Python in Excel: Round-Tripping Gotchas

Python is a full-blown programming language and so supports a rich variety of datatypes.
So what happens when you move data from Excel to Python and back to Excel (Round-Trip)?

Excel Datatypes

It is important to distinguish between formatted Excel values (what Excel shows you on the screen) and what the underlying value is that Excel formulas work with. These are the underlying value types (ignoring the new Rich datatypes).

  • Empty Cells
  • Floating point numbers
  • Text/Strings
  • Boolean
  • Error

Dates, times and datetimes are held in Excel as floating point numbers where the integer part represents the date as the number of days since January 1 1900, and the decimal part represents a fraction of 24 hours. These floating point numbers get converted to Dates and Times by the chosen formatting.

Floating point numbers may also be formatted as

  • Currency
  • Percentage
  • Fraction
  • Scientific
  • Different number of decimals
  • With thousands separators
  • Integers

Excel Tables are composed of basic Excel datatypes with some additional metadata to enable things like structured referencing.

Converting Excel Datatypes to Python Datatypes and Back to Excel

These examples show formatted Excel values converted to Python Objects and Types and then the Python objects are converted back to Excel values.
Most of these examples are self-explanatory and behave as expected.

1 The Excel value is a floating point number but gets converted to a Python Integer then back to a float.
3 The Excel value is a float but formatted as Text. Python ignores the formatting so it becomes a float.
4,5 Python ignores the Currency and Percentage Excel formatting.
7 Python does not have an Excel Error datatype.
8 Excel empty cells get converted to Python type None, which then returns to Excel as zero.

The problem case is cells formatted as Excel Dates and Times. These get converted to Python DateTime/Time objects and when returned to Excel the dates have lost the decimal part and the times have lost the integer part.

This breaks Excel rules: Formatting should not change Excel values.

And changing formatting does not trigger a recalculation, so changing the format to a Date/Time or from a Date/Time will not change the corresponding Python values.

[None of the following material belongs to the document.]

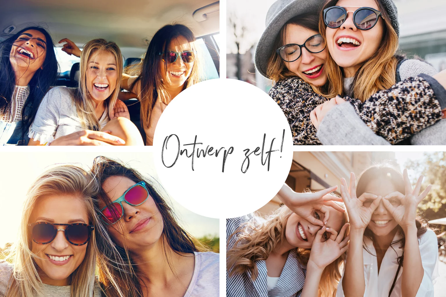 Fotokaart met 4 eigen fotos en cirkel

Joe McDaid points out that if you format the cell as Date & Time as in example 14 round-tripping works correctly, but I still don’t like it.

Excel Tables

Excel Tables get converted to Python Dataframes and returned as spilled arrays:

Conclusion

Round-tripping data between Excel and Python looks mostly OK.
There are some potential gotchas with empty cells, Excel errors etc. but a significant gotcha with Excel Date and Time formatted cells. This looks wrong from an Excel point of view.

I think some additional method is needed to be able to pass Date/Times to Python as floating point numbers.